Please Indicate
- Who you collaborated with. If no one, please indicate so:
- Approximately how much time did you spend on this problem set:
- What, if anything, gave you the most trouble:
Instructions:
- As I said in lab on Thursday, unless you are extremely comfortable with the tools of
ggplot2
and dplyr
, do not attempt to answer the questions below immediately in this R Markdown file. Rather, focus on separating the
- “What” you are going to do: the blueprint/plan
- “How” you are going to do it:
ggplot2
and dplyr
coding
- Confusing the “what” and the “how” will only make this task more difficult.
- For example, the “what” step could be tackled as follows:
- Draw on paper, a blackboard, or a whiteboard what your starting data frames look like and
- what your resulting data frames should look like
- what any visualizations should look like
- Write out in pseudocode what your R code will look like. Pseudocode is informal and rough code that doesn’t necessarily need to work, but still illustrates what you want to do. More than anything else, writing pseudocode out forces you to think your plan out loud.
- Only after you a plan for the “what” should you start the “how” i.e. coding.

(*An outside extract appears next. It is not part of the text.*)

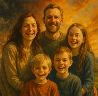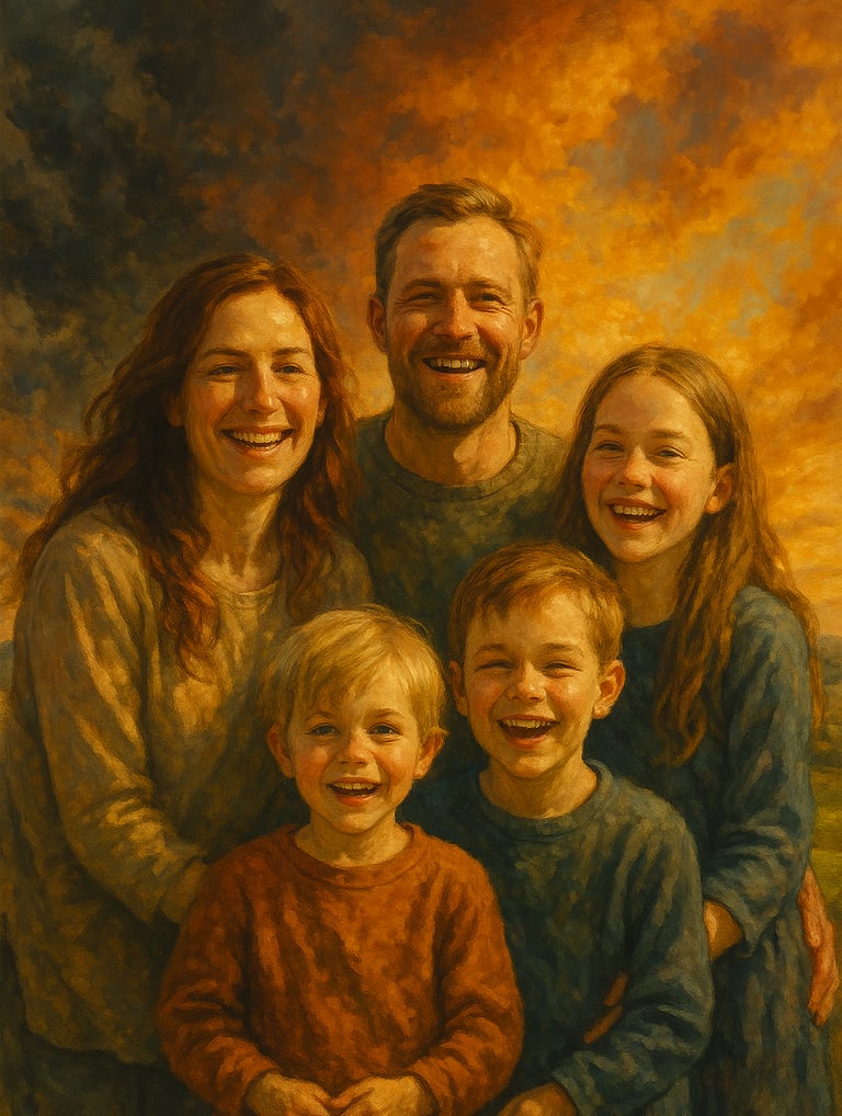 Symbolsk maleri af en familie i fællesskab, hvor mørke skyer bag dem opløses af sollys. Men harmoni kommer ikke altid af sig selv. En god harmoni kræver oftest en aktiv indsats.

- I HIGHLY encourage you to work in groups on this problem set, on both the “what” and “how” stages.
Question: nycflights13
data
You are a junior analyst in the airline industry, specifically working for Virgin America. You are tasked with calculating Virgin America’s available seat miles for all flights leaving each of the three New York Metropolitan area airports separately in 2013, and comparing these figures with those of ExpressJet Airlines Inc, a close rival to your company. Available seat miles are the fundamental units of production for a passenger-carrying airline and it is a measure of capacity. You are asked for two deliverables:
- Present these results in
- A well-formatted and easy to read table
- A cleanly formatted visualization
- Give a two sentence executive summary on the comparison in available seat miles between Virgin America and ExpressJet Airlines Inc for the three NYC airports.
Management offers the following helpful tips:
- Keep
View()
ing your data
- Figure 5.8 in Chapter 5.3 gives a sense of what information you have to work with.
- The help files contain the documentation. For example
?flights
- Say you have your results in a data frame called
results
. Including kable(results)
in your code will print the table in your HTML page in a nice and clean manner.
- You can
group_by
more than one variable. Example say you had another data set that you want to group by state
and city
, you would use group_by(state, city)
.